Like a thick fog in a swamp
The immediate effect of Britain’s decision to leave the EU has been shocked markets. What will Brexit do to Africa in the longer term?
The only certainty in all of this is uncertainty. Uncertainty on the markets and uncertainty over the future of trade relations between the UK and Africa. The most internationally traded African currency, the rand, is already having a volatile time of it. Measures of implied volatility for emerging markets, which are gauges of how currencies are expected to swing, are already breaking recent records. For its part, the rand has at the time of writing lost more than 8% against the dollar, though it has gained against the tumbling pound.
Not great for a currency that’s already lost 21% against the dollar so far this year. Other African currencies are more insulated from the tempests on the international money markets, but there will be knock-on effects.
While some of the fall in the rand is technical and caught up in the falls in other emerging market currencies, a Brexit does worry many when it comes to the economy. Last week economists at North-West University predicted that Brexit would shave 0.1% off SA’s GDP. If, as some forecast, the UK falls into a technical recession, that could reduce trade and investment between SA and the UK. And the UK is SA’s fourth-largest trading partner. Likewise, if a UK recession triggers a fall in consumer demand in Britain, other African exporters could be affected too. For example, exports of Kenyan roses could fall as UK consumers demand fewer of them.
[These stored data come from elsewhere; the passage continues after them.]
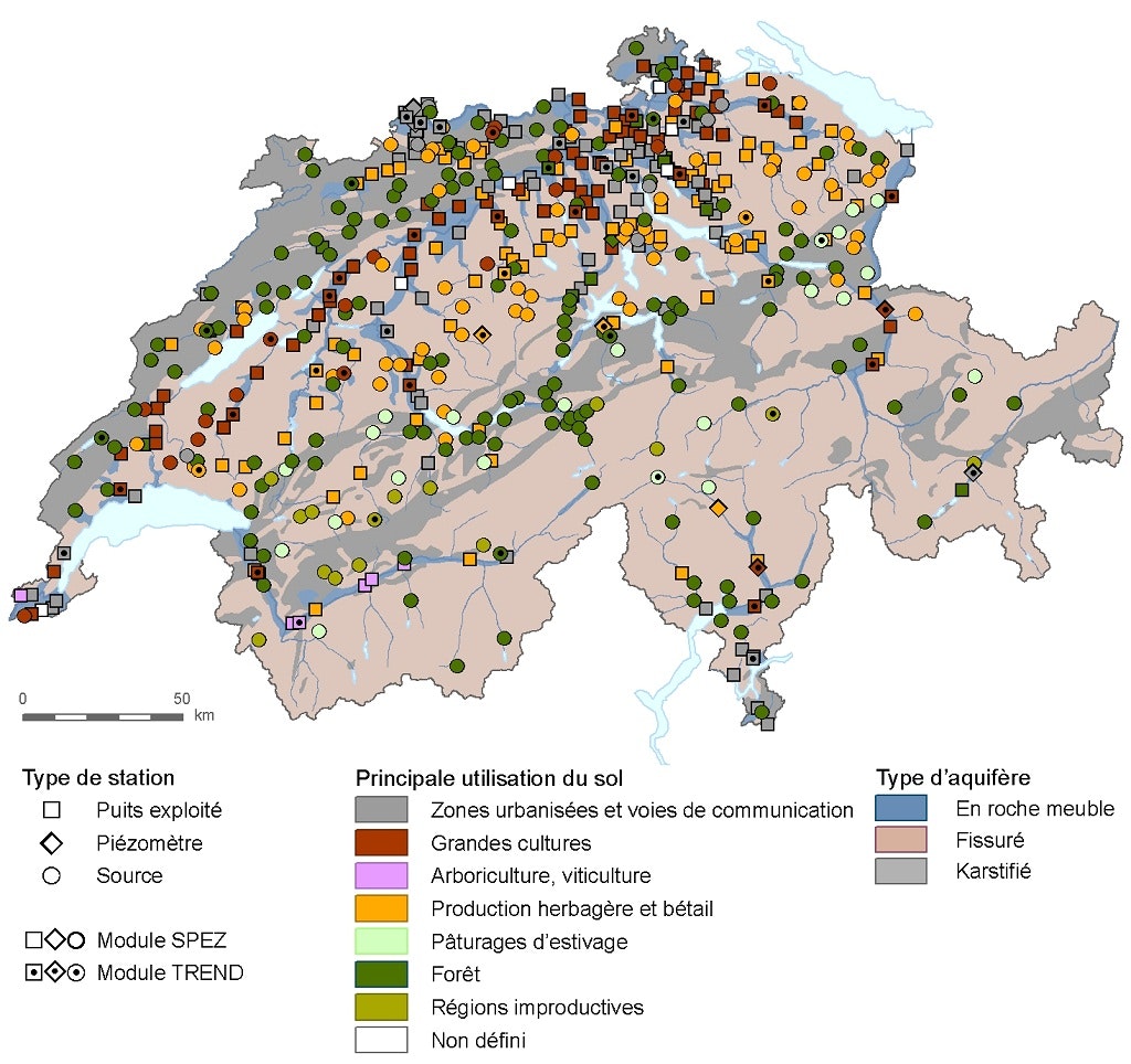 Le module SPEZ compte quelque 500 stations réparties sur l'ensemble de la Suisse et est géré depuis 2002 en étroite collaboration avec les cantons. Les stations de mesure couvrent les diverses régions du pays, les conditions hydrogéologiques en Suisse et notamment les impacts anthropiques définis sous forme de l'utilisation du sol dans le bassin versant des stations de mesure. La coordination de l'observation des eaux souterraines dans le cadre du module SPEZ garantit que les données relevées de manière homogène sur l'ensemble du pays sont comparables à l'échelle nationale, qu'elles sont disponibles sans discontinuité sur le long terme et de qualité élevée.
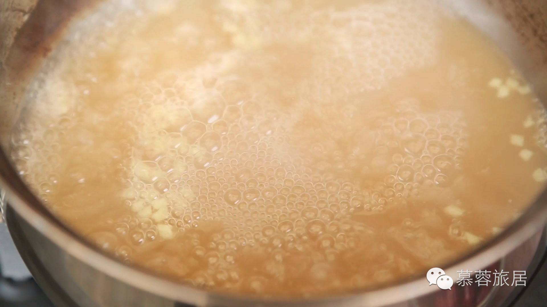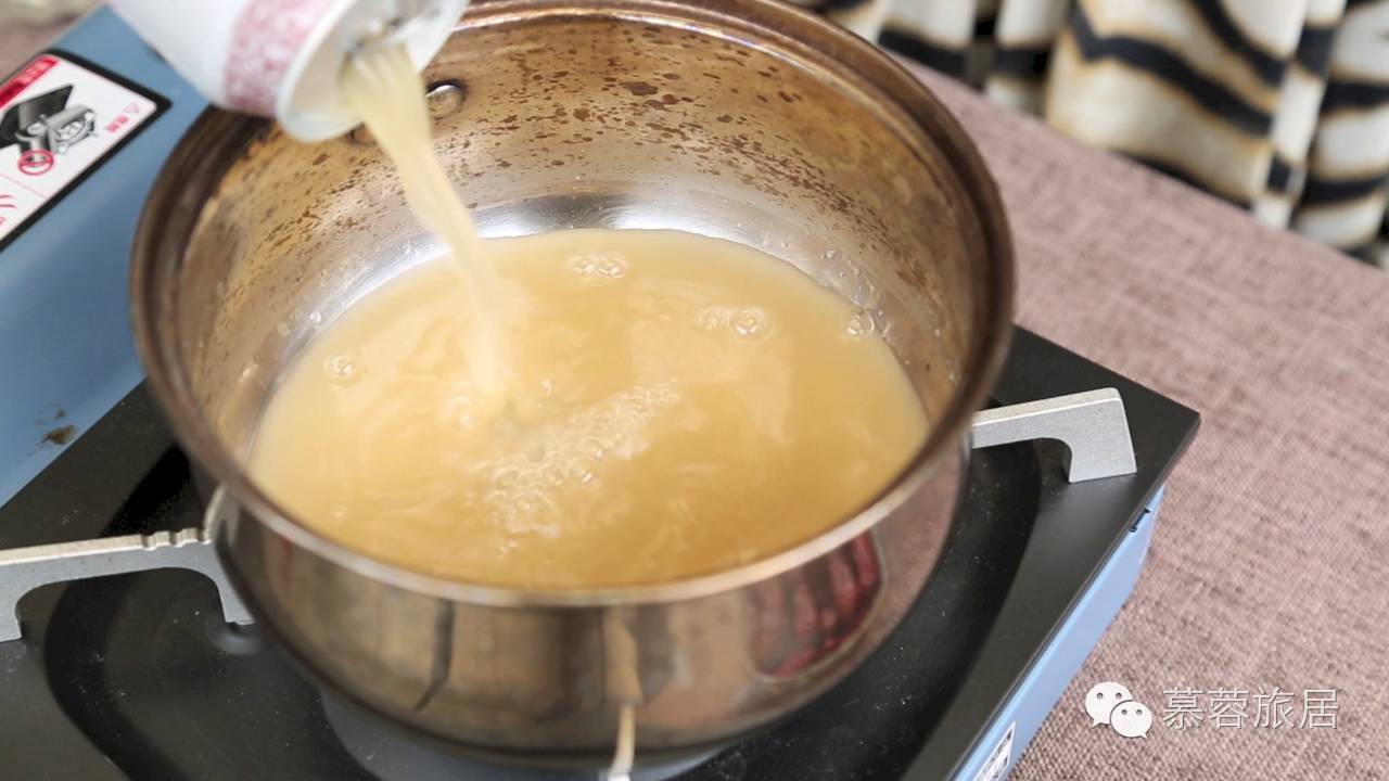 1、 把一罐甜酒汁、姜末倒入小锅,中小火煮开;![]()
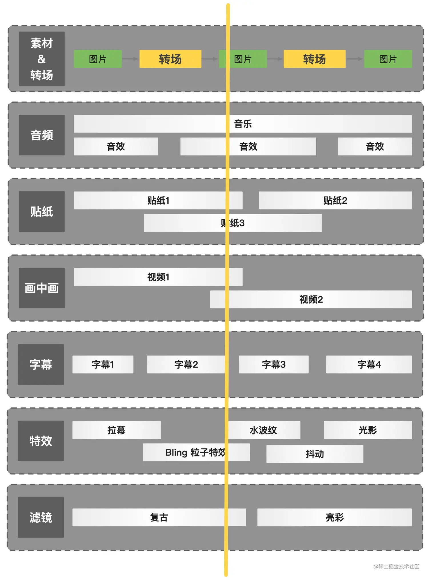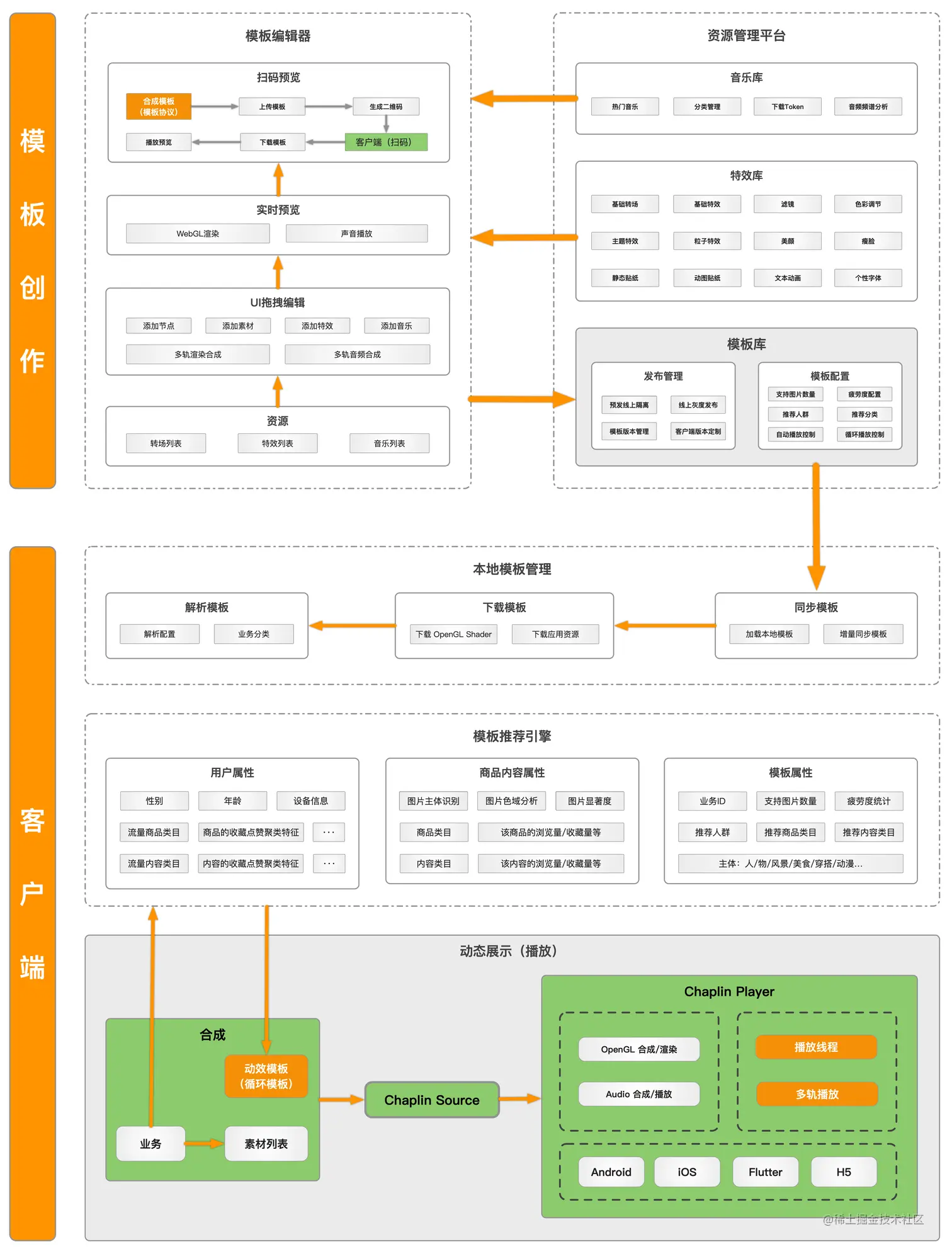 Chaplin项目,启发源于视频编辑器。在视频编辑阶段,可以通过各种特效使内容更丰富、生动。我们将素材与特效进行分离,最终将整个编辑过程抽象成模板。展示时,再将不同的素材与模板进行合并,实现视频播放的效果。

The UK’s trade deals with Africa are essentially the EU’s trade deals with Africa. As the UK exits the EU, all those deals will have to be renegotiated. That could take years, leaving trade relations between the UK and Africa in very uncertain noman’s land. But the UK can, and in the interests of stable relations probably will, simply keep the same trade deals with its African partners.
However, the world of trade negotiations is akin to a marshy swamp covered in a thick fog. It’s tricky to see what’s ahead and to the side, and it’s a challenge to navigate through, making outcomes even harder to predict.
Some say a UK free from the EU will be keen to improve its trade relationships with its Commonwealth partners. Others say that even though it will still have to do business with the EU, it will really set its sights on China.
There may be some unintended consequences as well. In terms of development aid, Brexit raises another question mark. The UK has pledged 0.7% of its gross national income (GNI) to development aid. It probably won’t go back on that promise. But if the UK goes into recession and the GNI falls, the amount of money for aid will be reduced in real terms. More than this, the UK was one of the biggest supporters of EU aid programmes in Africa, both politically and financially.
While the UK will most likely continue to honour its own aid commitments, a changing attitude to aid could evolve within a UK-less EU. The same principle applies to the EU’s Common Agricultural Policy (CAP).
For years, African farmers have criticised the CAP for the subsidies it affords European farmers. The UK was possibly the loudest voice for CAP reform within the EU. With a UK outside the EU, how the CAP goes forward could raise concerns for Africa’s farmers.
But in the short term, there will be some glimmers of light for a handful of African companies. For example, SA’s gold mining companies may enjoy a happier short-term run. The uncertainty has made the gold price soar. But more than that, their costs are in rand, while the gold they sell is in dollars, so with a falling rand against the dollar, there may be some wry smiles in the short term at least.
Finance minister Pravin Gordhan has been quoted as saying that if the UK exits the EU, “the volatility and uncertainty could have a serious impact on us as a country”. Until the fog of panic clears and waters calm, that will hold true, not only for SA, but for the continent as a whole.